И отдал Егорке кость. Егорка бережно засунул находку за пазуху.
– Молодец! – похвалил он его. – А теперь тикаем!
Дома матери и деда не было, отец еще спал. Егорка уселся на кровать и толкнул его. Отец зашевелился и внезапно, одним движением поднялся, опустил ноги на пол и стал чесать грудь. Он зашлепал к ведру, зачерпнул ковш воды и долго пил, проливая воду на рубаху.
– Крепко я вчерась, – сказал он и горько поморщился.
Он провел рукой по лбу, яростно потер щеки и судорожно вздохнул. Рот у него по-бабьи разъехался, задергались воспаленные веки. У Егорки защемило сердце от жалости, но, зная, что сейчас начнутся плач и покаянные речи, сурово свел брови и вытащил из-за пазухи кость.
– Пап, а пап, а мы кость от мамонта нашли. Во, гляди, какая…
Отец взял кость, сковырнул с нее кусочек земли и подошел к окну, чтобы рассмотреть при свете.
– Вроде бараний мосол.. .
Он зевнул, бросил кость под стол и потянулся за кисетом. Приступ покаянного настроения прошел. Он выкурил в полном молчании цигарку, выпил еще ковш воды и начал одеваться.

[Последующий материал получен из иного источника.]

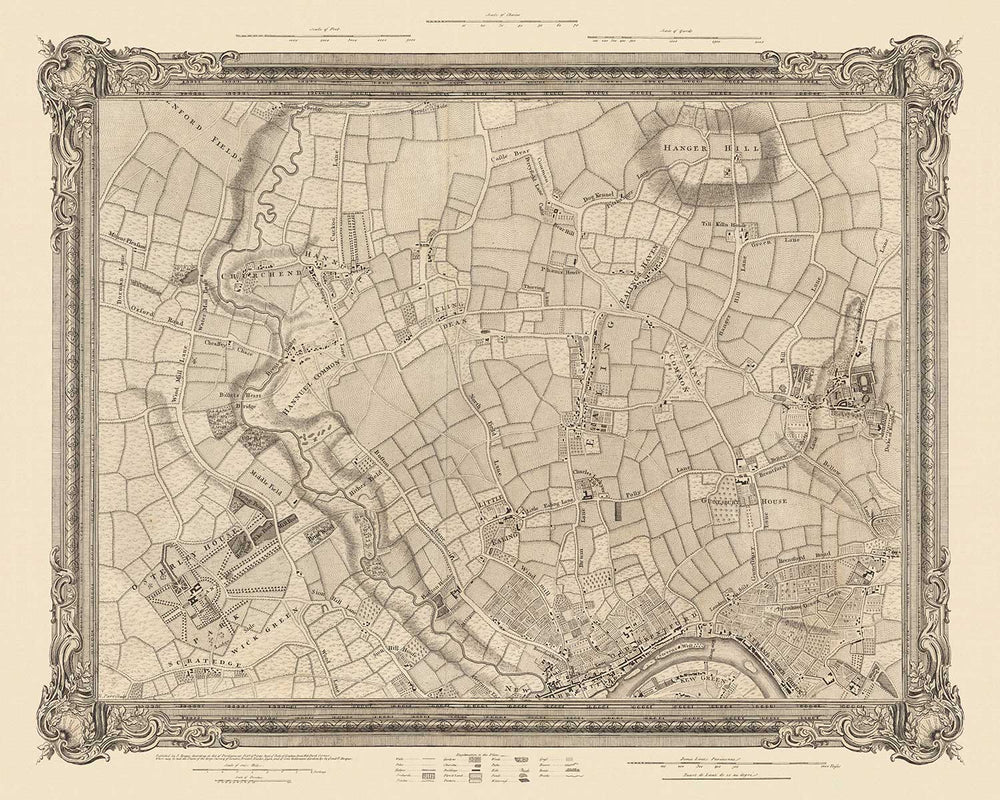 En la parte inferior izquierda del mapa, puedes ver Osterley House y Park, una mansión que fue construida a finales del siglo XVI, aunque fue remodelada poco después de que se publicara este mapa por Robert Adams y hoy es cuidada por el National Trust.

Ребята всё стояли, чего-то ожидая от него, но он махнул рукой – идите, мол, нечего! Тогда Егорка поднял кость и вышел на крыльцо.
– Знает твой батька! – заносчиво сказал Павлик, выйдя следом. – Дрында пьяная твой батька, вот кто!
– Ты моего батьку не трожь! Критик нашелся!
– Дрында, – не сдавался Павлик. – Понимает он в мамонтах очень!
Егорка размахнулся и бросил кость в сугроб. Павлик метнулся за ней, нырнул в снег, схватил и побежал со двора.
– Стой, говорю! – крикнул Егорка и припустил за Павликом, но Павлик бежал без оглядки.
У калитки своей избы он задержался, прихлопнул щеколду с другой стороны. Егорка дернул щеколду, сбросил ее, влетел за ним в избу и погнался вокруг стола, опрокидывая стулья.
– Не подходи, зашибу! – грозился Павлик, размахивая костью.
– Я вот тебе зашибу! – кричал Егорка. – Поплачешь у меня!
Из горницы вышел отец. Он остановился, наблюдая за ребятами. Всклокоченные, как два петуха, они готовы были биться насмерть.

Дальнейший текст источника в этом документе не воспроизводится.